COVID-19 in Hawaii: One year later

  • Passengers walk past an Alaska Airlines sign with information on providing COVID-19 test information before flying to Hawaii Monday at Seattle-Tacoma International Airport in Seattle. (AP Photo/Ted S. Warren)

The first case of COVID-19 in Hawaii was confirmed one year ago today, a little more than two months after a newly identified coronavirus was first detected in China.

An Oahu resident had traveled on the Grand Princess cruise ship in February 2020 and disembarked in Mexico before returning home.


According to reports at that time, the person became ill after returning to Hawaii, contacted their health care provider, and was tested for the coronavirus.

More than 10 passengers on a cruise aboard the Grand Princess that sailed from San Francisco to Mexico Feb. 11-21, 2020, tested positive for COVID-19.

The World Health Organization’s country office in China picked up on reports of a viral pneumonia in Wuhan on Dec. 31, 2019.

Despite efforts to contain the culprit — a newly identified coronavirus — the respiratory virus rapidly spread around the world.

Since January 2020, nearly 116 million cases have been reported worldwide, 28.8 million of which have been in the United States.

More than 520,000 deaths have so far been reported in the U.S.

The virus’ appearance in Hawaii shuttered nonessential businesses for months, triggered mask mandates, mandatory travel quarantines and other restrictions, upended the state’s tourism-dependent economy.

Hawaii, though, has fared better than most other states and U.S. territories during the pandemic.
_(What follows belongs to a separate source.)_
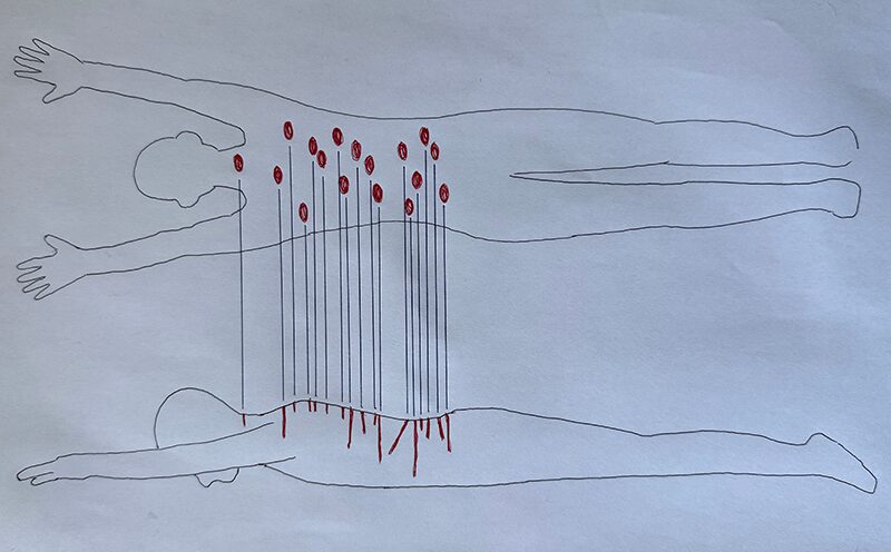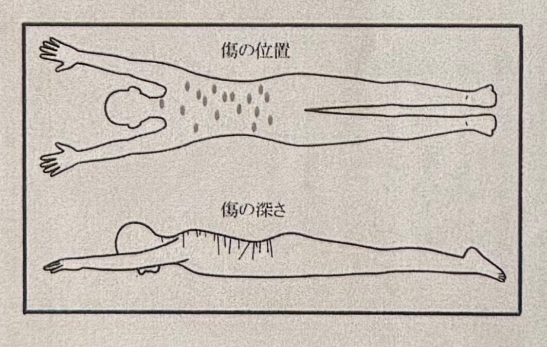 彼の背中と首には、あわせて17におよぶ刺傷が残されていた。

As of Friday, 27,753 cases have been reported in Hawaii since the start of the pandemic, a majority of which —22,055 — were on Oahu.

Hawaii Island has had 2,256 COVID-19 cases, while 2,273 have been on Maui, 184 on Kauai, 108 on Lanai and 27 on Molokai, and 850 residents were diagnosed outside the state.

According to data from NPR, only Vermont, Guam, the Virgin Islands, Northern Marianas and American Samoa have had fewer cases than Hawaii.

Some 2.58 million COVID-related deaths have been reported globally, 522,000 of which were in the U.S.


As of Friday, 443 COVID-related deaths have been reported in Hawaii by the state Department of Health.